Data to examine START

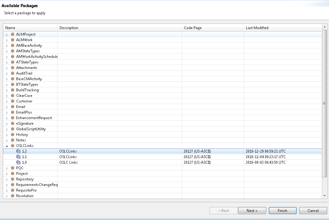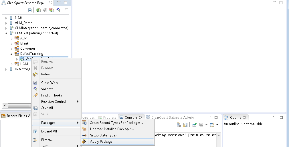 To apply the OSLC package to ClearQuest, open the ClearQuest Designer, and select
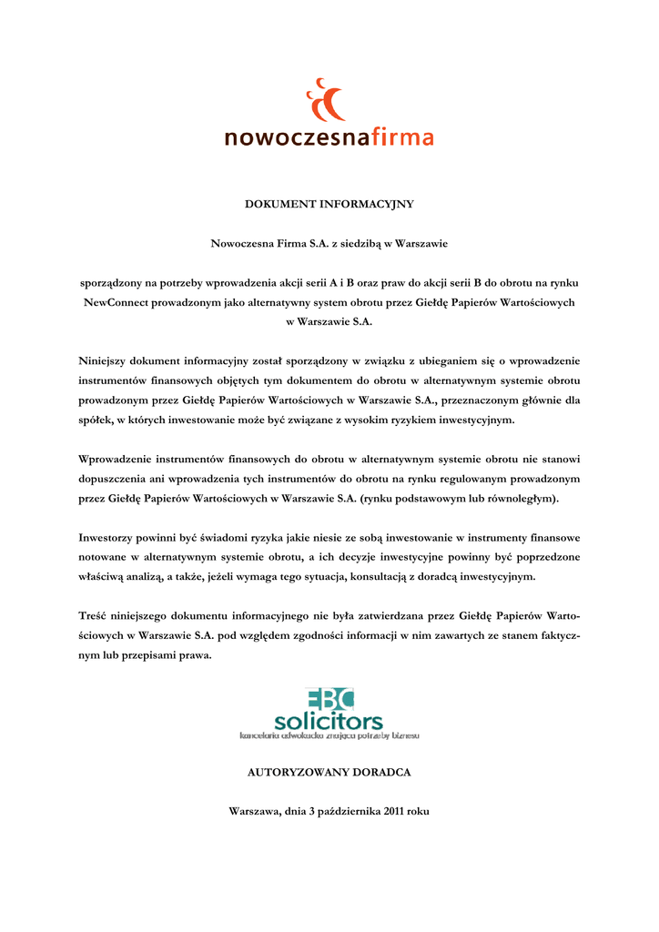 DOKUMENT INFORMACYJNY Nowoczesna Firma S.A. z siedzibą w Warszawie sporządzony na potrzeby wprowadzenia akcji serii A i B oraz praw do akcji serii B do obrotu na rynku NewConnect prowadzonym jako alternatywny system obrotu przez Giełdę Papierów Wartościowych w Warszawie S.A. Niniejszy dokument informacyjny został sporządzony w związku z ubieganiem się o wprowadzenie instrumentów finansowych objętych tym dokumentem do obrotu w alternatywnym systemie obrotu prowadzonym przez Giełdę Papierów Wartościowych w Warszawie S.A., przeznaczonym głównie dla spółek, w których inwestowanie może być związane z wysokim ryzykiem inwestycyjnym. Wprowadzenie instrumentów finansowych do obrotu w alternatywnym systemie obrotu nie stanowi dopuszczenia ani wprowadzenia tych instrumentów do obrotu na rynku regulowanym prowadzonym przez Giełdę Papierów Wartościowych w Warszawie S.A. (rynku podstawowym lub równoległym). Inwestorzy powinni być świadomi ryzyka jakie niesie ze sobą inwestowanie w instrumenty finansowe notowane w alternatywnym systemie obrotu, a ich decyzje inwestycyjne powinny być poprzedzone właściwą analizą, a także, jeżeli wymaga tego sytuacja, konsultacją z doradcą inwestycyjnym. Treść niniejszego dokumentu informacyjnego nie była zatwierdzana przez Giełdę Papierów Wartościowych w Warszawie S.A. pod względem zgodności informacji w nim zawartych ze stanem faktycznym lub przepisami prawa. AUTORYZOWANY DORADCA Warszawa, dnia 3 października 2011 roku Dokument Informacyjny Nowoczesna Firma S.A. strona 2 z 190 Wstęp Dokument informacyjny Emitent Nowoczesna Firma S.A. z siedzibą w Warszawie ul. Wiertnicza 141 02-952 Warszawa tel.: + 48 22 314 14 00 fax: + 48 22 314 14 10 internet: www.nf.pl e-mail: [email protected] Autoryzowany Doradca EBC Solicitors Arkadiusz Stryja sp.k. z siedzibą w Warszawie ul. Grzybowska 4 lok. U9B 00-131 Warszawa tel.: + 48 22 419 20 70 faks: + 48 22 419 20 69 internet: www.ebcsolicitors.pl e-mail: [email protected] Informacje na temat instrumentów finansowych wprowadzanych do obrotu w Alternatywnym systemie obrotu Na podstawie niniejszego dokumentu informacyjnego do obrotu w Alternatywnym systemie obrotu wprowadzane są: 11 100 000 (jedenaście milionów sto tysięcy) akcji na okaziciela serii A o wartości nominalnej 10 gr (dziesięć groszy) każda, 1 667 308 (jeden milion sześćset sześćdziesiąt siedem tysięcy trzysta osiem) akcji na okaziciela serii B o wartości nominalnej 10 gr (dziesięć groszy) każda; 1 667 308 (jeden milion sześćset sześćdziesiąt siedem tysięcy trzysta osiem) praw do akcji na okaziciela serii B o wartości nominalnej 10 gr (dziesięć groszy) każda. Na podstawie niniejszego dokumentu informacyjnego do obrotu w Alternatywnym systemie obrotu wprowadzane są akcje reprezentujące 100 proc. kapitału zakładowego Emitenta. Struktura kapitału zakładowego Emitenta, z uwzględnieniem niezarejestrowanych na dzień sporządzania niniejszego dokumentu informacyjnego Akcji Serii B, przedstawia się następująco: medium wiedzy dla biznesu www.nf.pl Dokument Informacyjny Nowoczesna Firma S.A. strona 3 z 190 Tabela 1. Struktura kapitału zakładowego Emitenta L.p. Seria akcji Liczba akcji Udział w kapitale za- Udział w głosach (w (w szt.) kładowym (w proc.) proc.) 1. A 11 100 000 86,94 86,94 2. B 1 667 308 13,06 13,06 12 767 308 100 100 Razem Źródło: opracowanie własne Emitenta medium wiedzy dla biznesu www.nf.pl Dokument Informacyjny Nowoczesna Firma S.A. strona 4 z 190 Spis Treści Wstęp ............................................................................................................................................................................... 2 Spis Treści ....................................................................................................................................................................... 4 1. Czynniki ryzyka ..................................................................................................................................................... 7 1.1. Czynniki ryzyka związane z otoczeniem, w jakim Emitent prowadzi działalność ..................................... 7 1.2. Czynniki ryzyka związane z działalnością Emitenta ........................................................................................ 8 1.3. Czynniki ryzyka związane z rynkiem kapitałowym ....................................................................................... 10 2. Osoby odpowiedzialne za informacje zawarte w dokumencie informacyjnym....................................... 15 2.1. Emitent ................................................................................................................................................................. 15 2.2. Autoryzowany Doradca ..................................................................................................................................... 15 3. Dane o instrumentach finansowych wprowadzanych do alternatywnego systemu obrotu................... 16 3.1. Informacje o wprowadzanych do obrotu instrumentach finansowych ..................................................... 16 3.2. Podstawa prawna emisji instrumentów finansowych.................................................................................... 30 3.3. Oznaczenie dat, od których Akcje uczestniczą w dywidendzie .................................................................. 34 3.4. Prawa wynikające z instrumentów finansowych ............................................................................................ 34 3.4.1. Prawa o charakterze majątkowym.................................................................................................................. 34 3.4.2. Prawa o charakterze korporacyjnym ............................................................................................................. 35 3.5. Określenie podstawowych zasad polityki Emitenta co do wypłaty
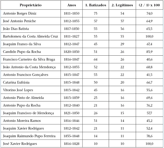 Há que explicitar o contraponto, aqueles não contemplados pelo recorte feito na tabela 1, vale dizer, os escravistas com menos de 10 registros de batismos de crianças escravas legítimas. Assim, os prováveis herdeiros de José Antonio Peniche, Antonio José Peniche e Ana Maria Alves Peniche apareceram, entre 1825 e 1850, em 58 batismos sendo apenas oito legítimos. As cativas do iguapense Silvestre José de Lima, que em 1815 era proprietário de sete escravos, geraram, entre 1811 e 1850, pelo menos 28 crianças, das quais tão-somente três eram legítimas. O lisboeta Francisco de Oliveira Duarte, com nove cativos em 1815, consta como proprietário em 20 assentos entre 1811 e 1844, dos quais 14 eram de ilegítimos. O capitão Bento Pupo de Gouveia, também natural de Iguape, com 14 escravos em 1801, possuía só uma criança legítima entre as 16 batizadas entre 1812 e 1828. A lista poderia se prolongar, mas temos já elementos bastantes para tecer algumas conjecturas sobre o quadro delineado.
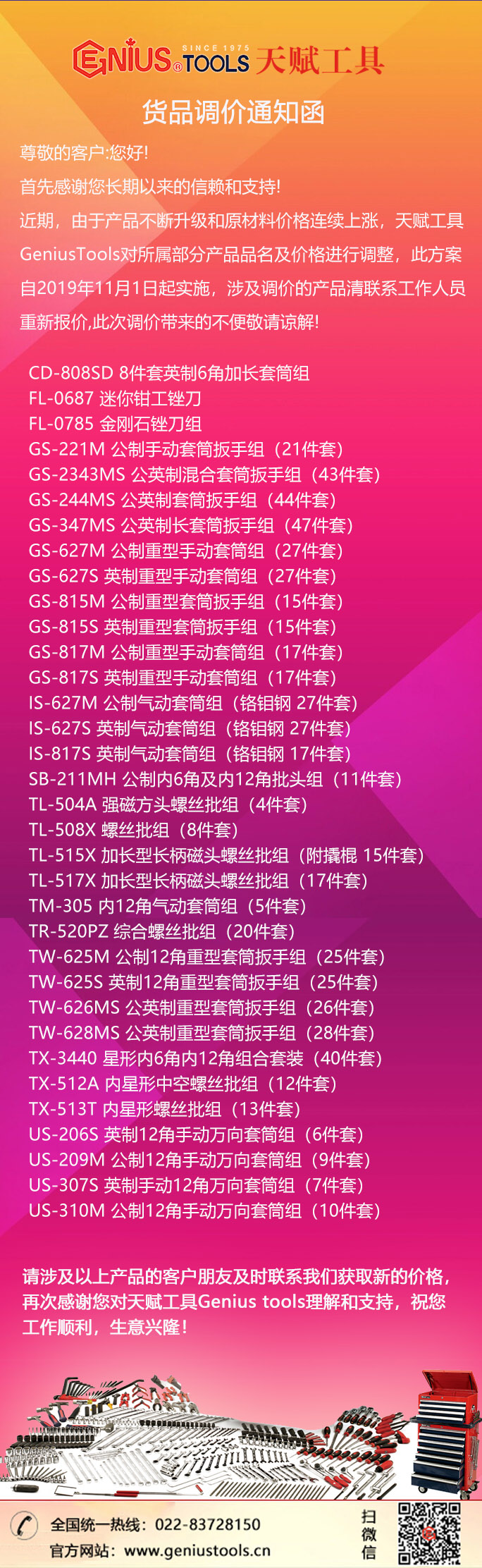 请涉及以上产品的客户朋友及时联系我们获取新的价格,再次感谢您对天赋工具Genius tools理解和支持,祝您工作顺利,生意兴隆!
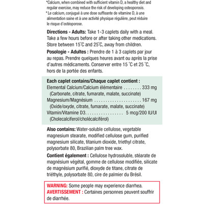 Calcium magnesium + vitamin d3 is a highly absorbable formula that combines calcium and magnesium at the optimal 2:1 ratio. It helps support strong bones and healthy muscle function, and may help reduce the risk of developing osteoporosis. ⢠helps maintain strong bones and healthy teeth ⢠helps prevent osteoporosis ⢠helps support healthy muscle function product information is provided by the product vendor. This content is a summary for informational purposes only and does not have all possible information about this product. It should not be used as a substitute for advice from health care professionals, as this information alone does not assure that this product is safe, effective, or appropriate for you. For more detailed information on this product, including reported and possible side effects and contraindications, refer to the manufacturer’s monograph, or speak with a health care provider.
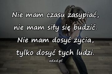 Nie mam czasu zasypiać, nie mam siły się budzić. Nie mam dosyć życia, tylko dosyć tych ludzi.

Data to examine END

Transcribe the lines that run from the line bearing "Há que explicitar" through the last line of the data. Keep the wording exact and leave out every picture.

Response to the task:
 Há que explicitar o contraponto, aqueles não contemplados pelo recorte feito na tabela 1, vale dizer, os escravistas com menos de 10 registros de batismos de crianças escravas legítimas. Assim, os prováveis herdeiros de José Antonio Peniche, Antonio José Peniche e Ana Maria Alves Peniche apareceram, entre 1825 e 1850, em 58 batismos sendo apenas oito legítimos. As cativas do iguapense Silvestre José de Lima, que em 1815 era proprietário de sete escravos, geraram, entre 1811 e 1850, pelo menos 28 crianças, das quais tão-somente três eram legítimas. O lisboeta Francisco de Oliveira Duarte, com nove cativos em 1815, consta como proprietário em 20 assentos entre 1811 e 1844, dos quais 14 eram de ilegítimos. O capitão Bento Pupo de Gouveia, também natural de Iguape, com 14 escravos em 1801, possuía só uma criança legítima entre as 16 batizadas entre 1812 e 1828. A lista poderia se prolongar, mas temos já elementos bastantes para tecer algumas conjecturas sobre o quadro delineado.
 请涉及以上产品的客户朋友及时联系我们获取新的价格,再次感谢您对天赋工具Genius tools理解和支持,祝您工作顺利,生意兴隆!
 Calcium magnesium + vitamin d3 is a highly absorbable formula that combines calcium and magnesium at the optimal 2:1 ratio. It helps support strong bones and healthy muscle function, and may help reduce the risk of developing osteoporosis. ⢠helps maintain strong bones and healthy teeth ⢠helps prevent osteoporosis ⢠helps support healthy muscle function product information is provided by the product vendor. This content is a summary for informational purposes only and does not have all possible information about this product. It should not be used as a substitute for advice from health care professionals, as this information alone does not assure that this product is safe, effective, or appropriate for you. For more detailed information on this product, including reported and possible side effects and contraindications, refer to the manufacturer’s monograph, or speak with a health care provider.
 Nie mam czasu zasypiać, nie mam siły się budzić. Nie mam dosyć życia, tylko dosyć tych ludzi.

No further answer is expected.